Stop blocking your I/O. Learn how Python's async/await syntax and asyncio event loop work under the hood, with practical patterns for concurrent HTTP requests, rate limiting, and production-grade async code.

Why async/await Matters

Python's Global Interpreter Lock (GIL) means threads don't give you true parallelism for CPU-bound work. But for I/O-bound tasks — HTTP requests, database queries, file reads — threads waste CPU time waiting. asyncio solves this with cooperative multitasking: a single thread handles thousands of concurrent I/O operations by switching between coroutines while one is waiting.
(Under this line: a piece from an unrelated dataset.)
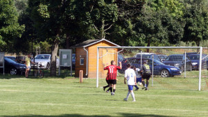 Im gewohnten 5-4-1-System wollte unsere Elf den spielstarken Gästen keine Räume für ihr Offensivspiel bieten und selbst über schnelle Konter Nadelstiche setzen. Doch schon nach 7. Minuten war dieser Plan durchkreuzt. Germanen-Torjäger Daniel Grabolla war mit Ball in den VfB-Strafraum gezogen und Marcel Böters brachte ihn unfair zu Fall. Schiri Tobias Hahne entschied völlig zu Recht auf Strafstoß für die Gäste und zeigte Marcel Böters obendrein noch die Rote Karte. Die gab es allerdings nicht für das Foul sondern die anschließende Meckerei unseres Verteidigers. Das Ivo Kumbartzky den fälligen Elfer auf den Parkplatz jagte, geriet angesichts dieser Dummheit fast zur Nebensache.

The result: 10–100x more concurrent connections on the same hardware, with simpler code than threads and no race conditions from shared state.

The Core Concepts

Coroutines vs Regular Functions

# Regular function — blocks the thread while sleeping
import time

def slow_fetch():
    time.sleep(1)  # entire thread frozen
    return "data"

# Coroutine — yields control back to event loop while waiting
import asyncio

async def fast_fetch():
    await asyncio.sleep(1)  # event loop runs other tasks
    return "data"

The async def keyword creates a coroutine function. Calling it returns a coroutine object — it doesn't execute until you await it or schedule it as a task.

Running a Coroutine

import asyncio

async def main():
    result = await fast_fetch()
    print(result)

# Entry point — starts the event loop
asyncio.run(main())

Concurrent Tasks with asyncio.gather

The real power comes from running multiple coroutines concurrently:

import asyncio
import aiohttp

async def fetch_url(session: aiohttp.ClientSession, url: str) -> dict:
    async with session.get(url) as response:
        return {"url": url, "status": response.status}

async def fetch_all(urls: list[str]) -> list[dict]:
    async with aiohttp.ClientSession() as session:
        tasks = [fetch_url(session, url) for url in urls]
        results = await asyncio.gather(*tasks)
    return results

# Fetch 100 URLs concurrently instead of sequentially
urls = [f"https://api.example.com/item/{i}" for i in range(100)]
results = asyncio.run(fetch_all(urls))
print(f"Fetched {len(results)} URLs")
# Takes ~1s instead of 100s with sequential requests

Error Handling in Concurrent Tasks

By default, asyncio.gather cancels all tasks if one fails. Use return_exceptions=True to collect errors without cancellation:

async def fetch_with_retry(session, url, retries=3):
    for attempt in range(retries):
        try:
            async with session.get(url, timeout=aiohttp.ClientTimeout(total=5)) as resp:
                resp.raise_for_status()
                return await resp.json()
        except (aiohttp.ClientError, asyncio.TimeoutError) as e:
            if attempt == retries - 1:
                return {"error": str(e), "url": url}
            await asyncio.sleep(2 ** attempt)  # exponential backoff

async def fetch_all_safe(urls):
    async with aiohttp.ClientSession() as session:
        tasks = [fetch_with_retry(session, url) for url in urls]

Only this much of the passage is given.